Delivery of screening and brief intervention for unhealthy alcohol use in an urban academic Federally Qualified Health Center

Autor: Marcus A. Bachhuber, Megan A. O’Grady, Henry Chung, Charles J. Neighbors, Joseph DeLuca, Elenita M. D’Aloia, Arelis Diaz, Chinazo O. Cunningham
Jazyk: angličtina
Rok vydání: 2017
Předmět:
Zdroj: Addiction Science & Clinical Practice, Vol 12, Iss 1, Pp 1-10 (2017)
Druh dokumentu: article
ISSN: 1940-0640
DOI: 10.1186/s13722-017-0100-2
Popis: Abstract Background Screening and brief intervention (SBI) for unhealthy drinking has not been widely implemented in primary care partly due to reliance on physicians to perform it. Methods We implemented a model of nursing staff-delivered SBI for unhealthy drinking for adult patients receiving primary care at an academically-affiliated Federally Qualified Health Center in the Bronx, NY. Our model consisted of nursing staff screening all patients with the alcohol use disorders identification test consumption questions (AUDIT-C) and, if screening positive, providing BI or referral to specialty services.
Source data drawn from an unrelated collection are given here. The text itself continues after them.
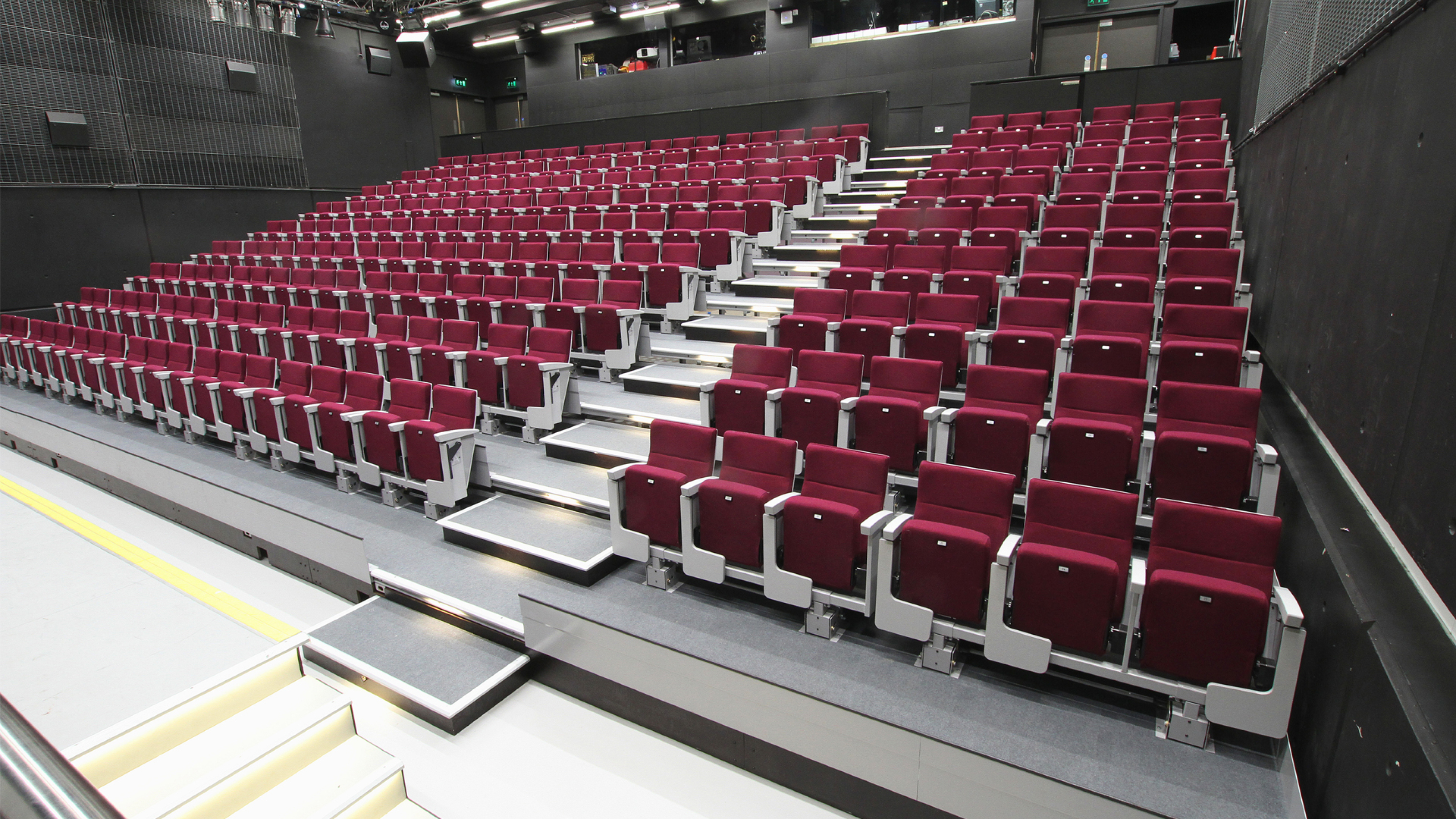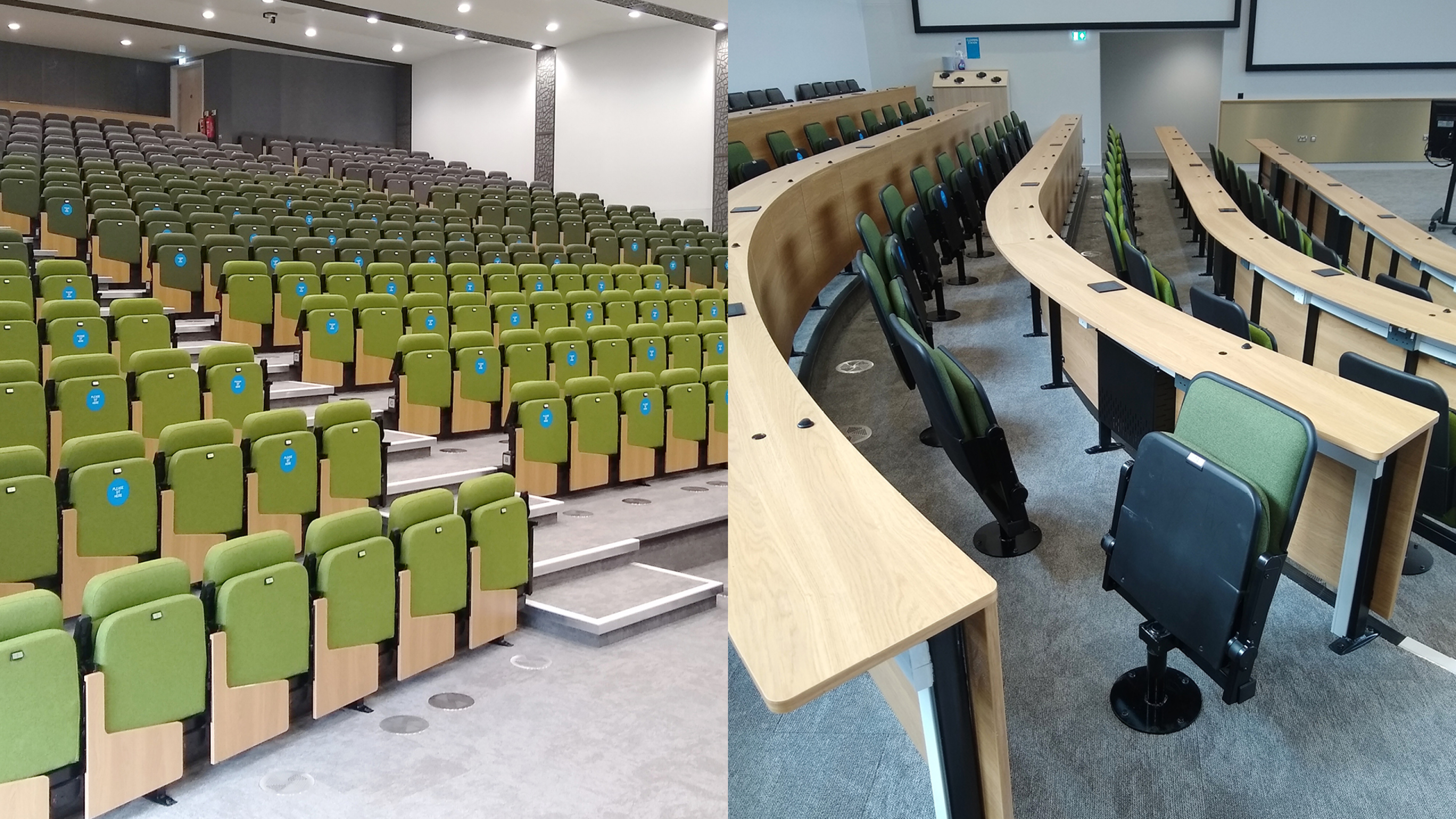 Made-to-measure lecture theatre seating with durable tip-up mechanism and continuous writing tablet. We can also install the tiering if required.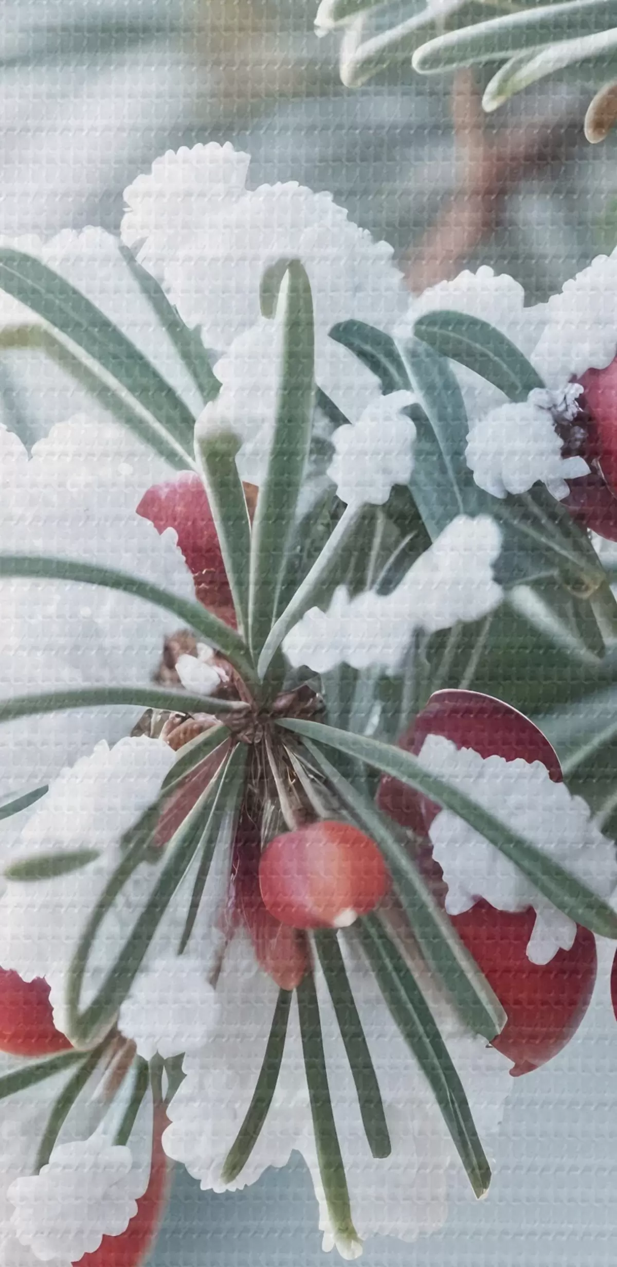 Runde Wandbilder Verschneiter Tannenzweig mit roten Beeren, Winterszene Nr r42238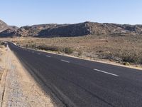 A scenic view of an endless road in South Africa, surrounded by a beautiful desert landscape and mountains. The road surface is made of smooth asphalt, leading towards the horizon with clear blue skies and lush vegetation.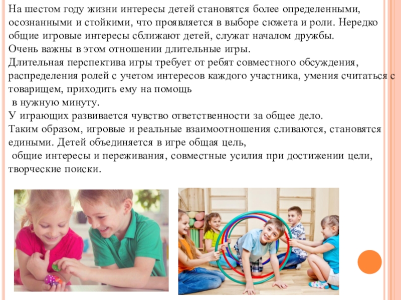 стойкими, что проявляется в выборе сюжета и роли. Нередко общие игровые интересы сближают детей, служат началом дружбы.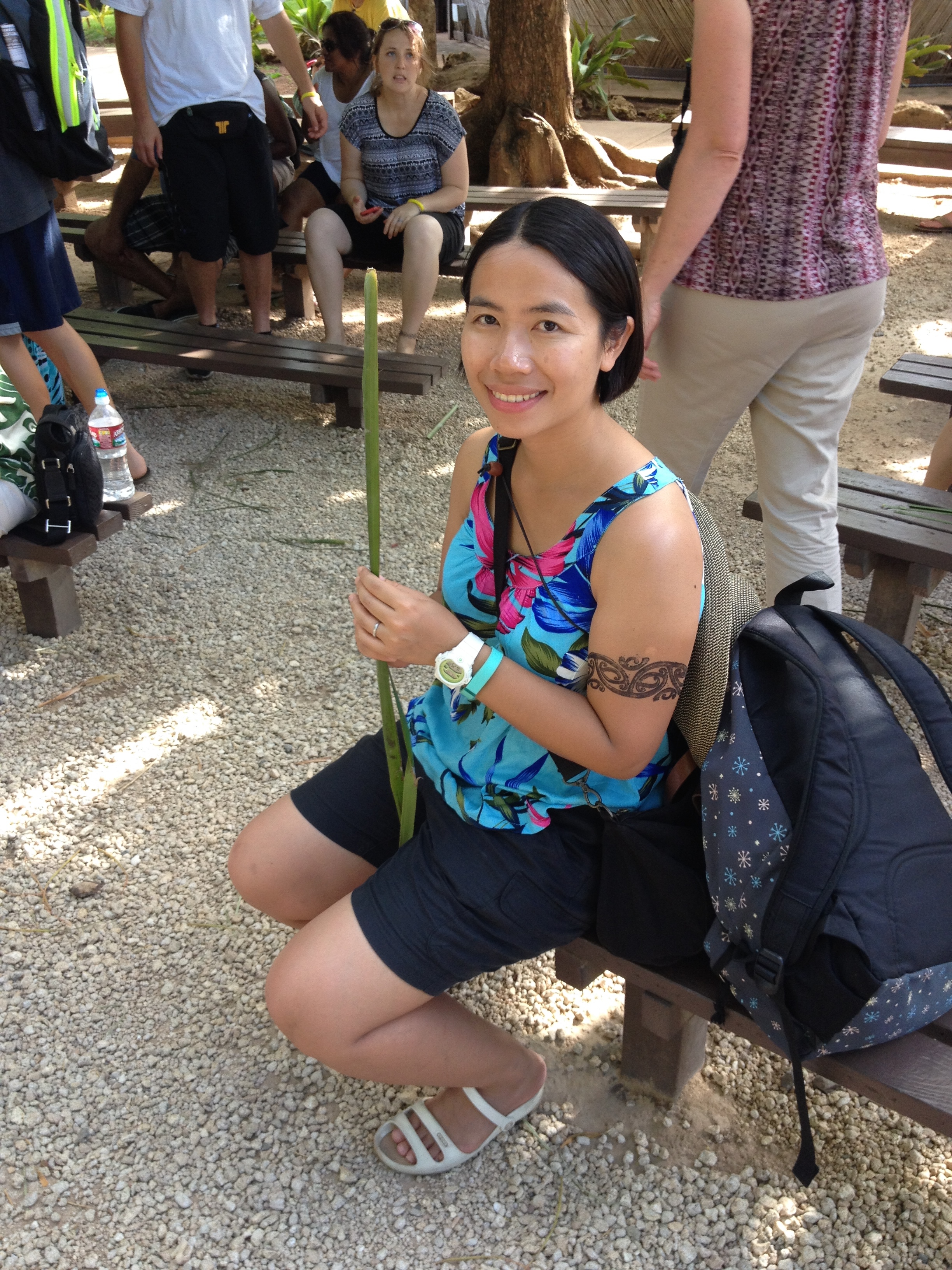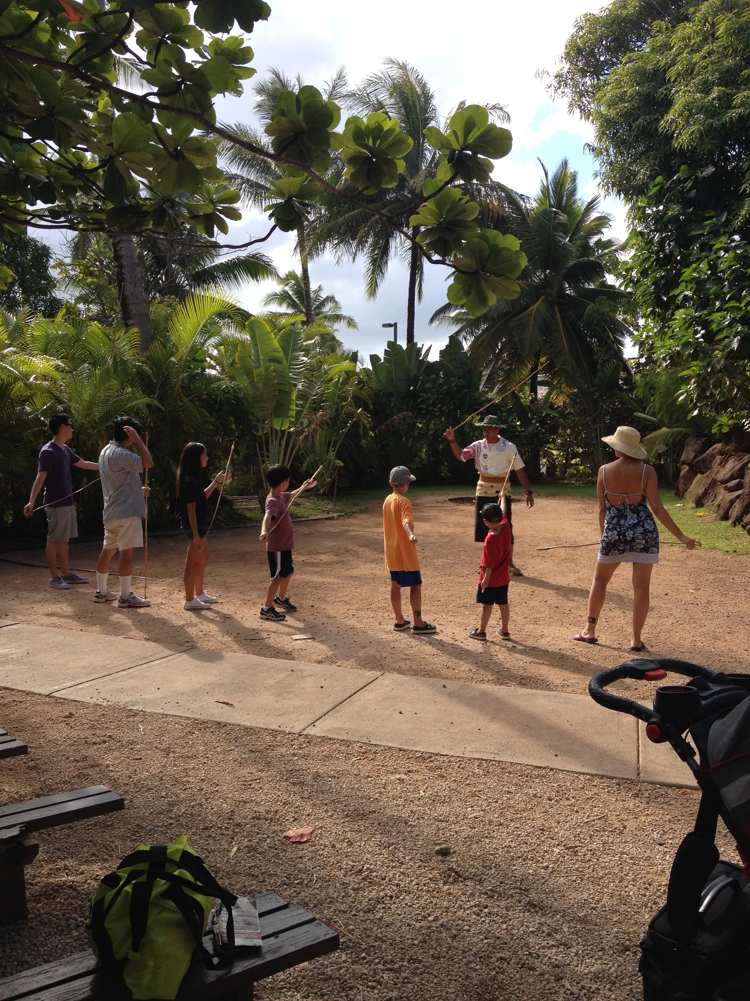 我哋有參加大溪地嘅標槍丫﹗削尖咗嘅木條,加埋有重量嘅槍頭,拋物線地擲出去吧﹗果然男士對於打獵有天分啲?有好幾個爸爸同我老公都可以真正拋到出去呢,有啲仲中咗target個圈添,我嘛,幾次都係中途墜落⋯:p

We developed a clinical decision support tool integrated into the electronic health record to guide nursing staff and record SBI provision. To evaluate this model, we determined overall SBI delivery to patients and factors associated with receiving SBI. Results Between October 2013 and September 2014, 9119 unique adult patients made 24,285 visits. Patients were majority women (67.5%) and Hispanic/Latino (54.5%). Overall, 46.2% were screened, with 19.0–35.8% of eligible patients screened in each month. Increasing age (OR: 0.82 [95% CI 0.80–0.85] for a 10-year increase), female sex (OR: 0.83 [95% CI 0.77–0.91]), and chronic conditions like hypertension (OR: 0.62 [95% CI 0.56–0.70]) and diabetes (OR: 0.66 [95% CI 0.58–0.75]), among others, were associated with a lower odds of being screened. Of all patients screened, 225 (5.3%) screened positive and of those patients, 122 (54.2%) received a BI. Patients with higher AUDIT-C scores were more likely to receive a BI (OR: 1.24 [95% CI 1.04–1.47] for a 1-point increase) and non-English speaking patients were less likely to receive a BI than those who spoke English (OR: 0.42 [95% CI 0.18–0.97]). Conclusions Our model of SBI resulted in screening of nearly half of all eligible patients and BI provision to over half of those screening positive. Future efforts to improve SBI delivery should focus on groups such as older adults, women, and those with chronic medical conditions.